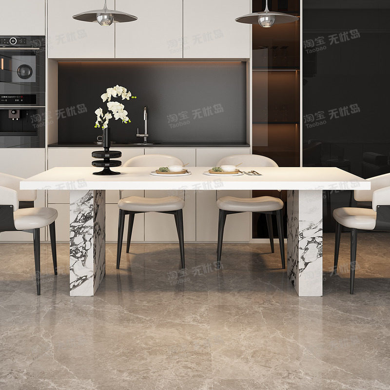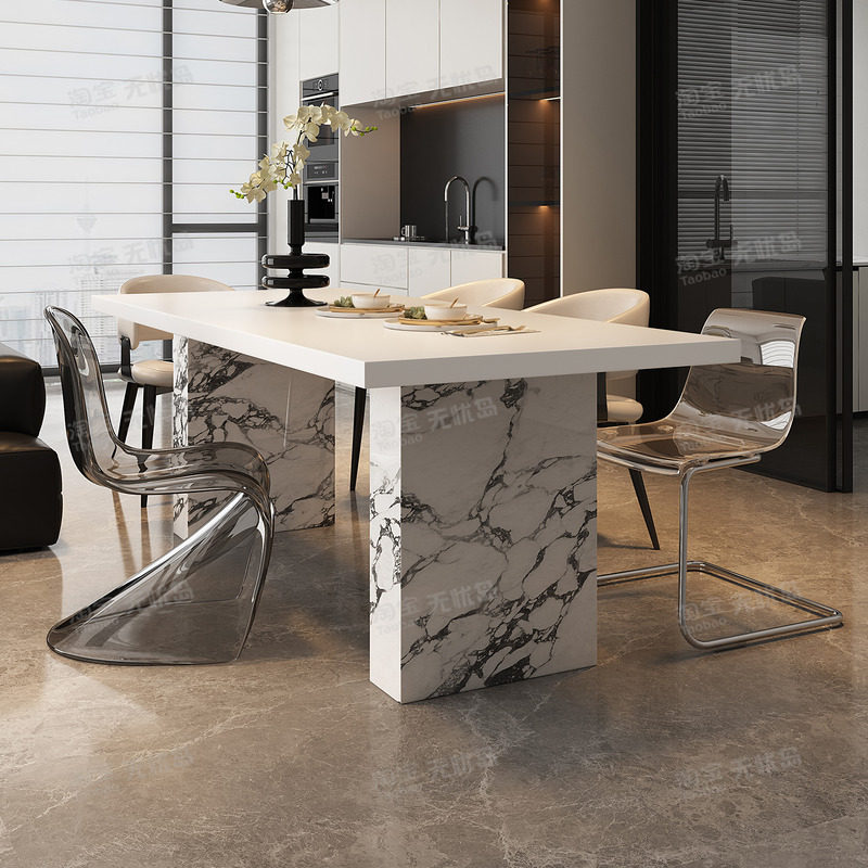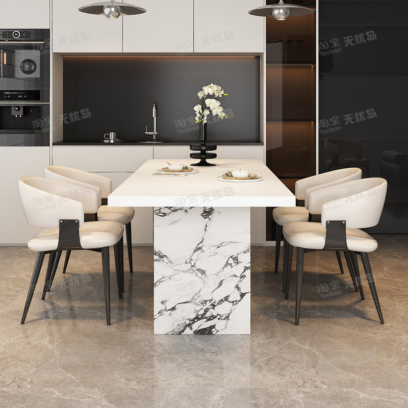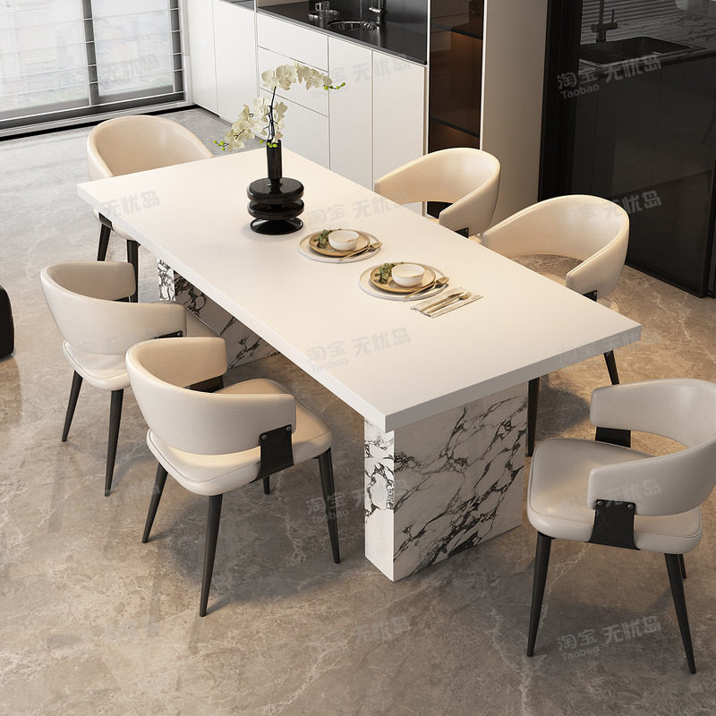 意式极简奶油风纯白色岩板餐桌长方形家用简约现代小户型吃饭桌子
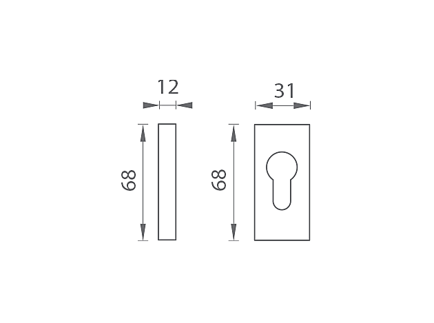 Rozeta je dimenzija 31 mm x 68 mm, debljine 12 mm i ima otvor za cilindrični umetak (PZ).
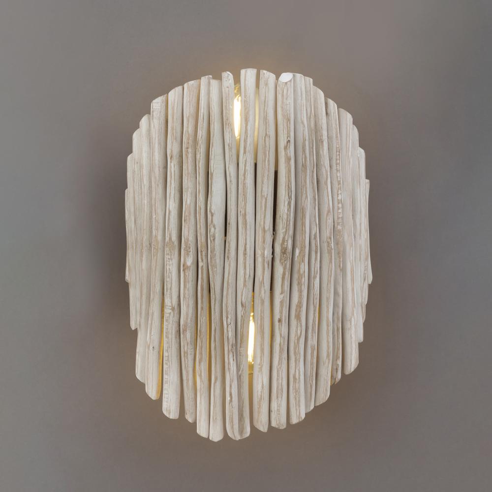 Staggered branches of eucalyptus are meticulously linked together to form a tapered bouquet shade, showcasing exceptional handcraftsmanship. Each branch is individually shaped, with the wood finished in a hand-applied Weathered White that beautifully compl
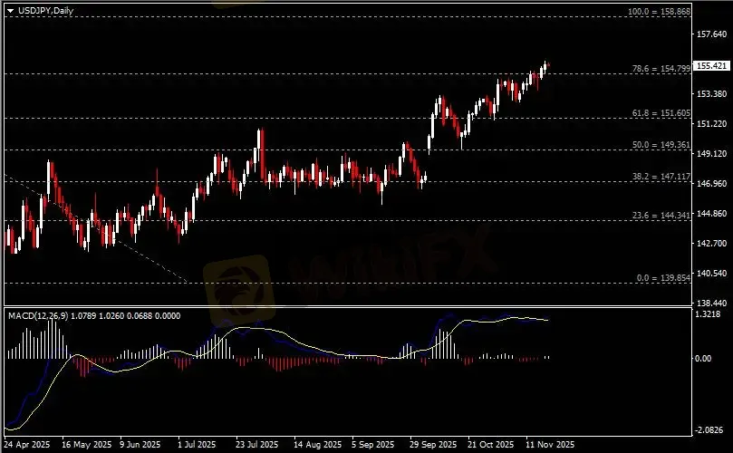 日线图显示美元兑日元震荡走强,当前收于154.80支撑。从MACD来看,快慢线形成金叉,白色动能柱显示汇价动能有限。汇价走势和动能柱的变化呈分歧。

§ **Work order**
The expected output is the full material above, unaltered, with pictures removed.

§ **Answer area**
 意式极简奶油风纯白色岩板餐桌长方形家用简约现代小户型吃饭桌子
 Rozeta je dimenzija 31 mm x 68 mm, debljine 12 mm i ima otvor za cilindrični umetak (PZ).
 Staggered branches of eucalyptus are meticulously linked together to form a tapered bouquet shade, showcasing exceptional handcraftsmanship. Each branch is individually shaped, with the wood finished in a hand-applied Weathered White that beautifully compl
 日线图显示美元兑日元震荡走强,当前收于154.80支撑。从MACD来看,快慢线形成金叉,白色动能柱显示汇价动能有限。汇价走势和动能柱的变化呈分歧。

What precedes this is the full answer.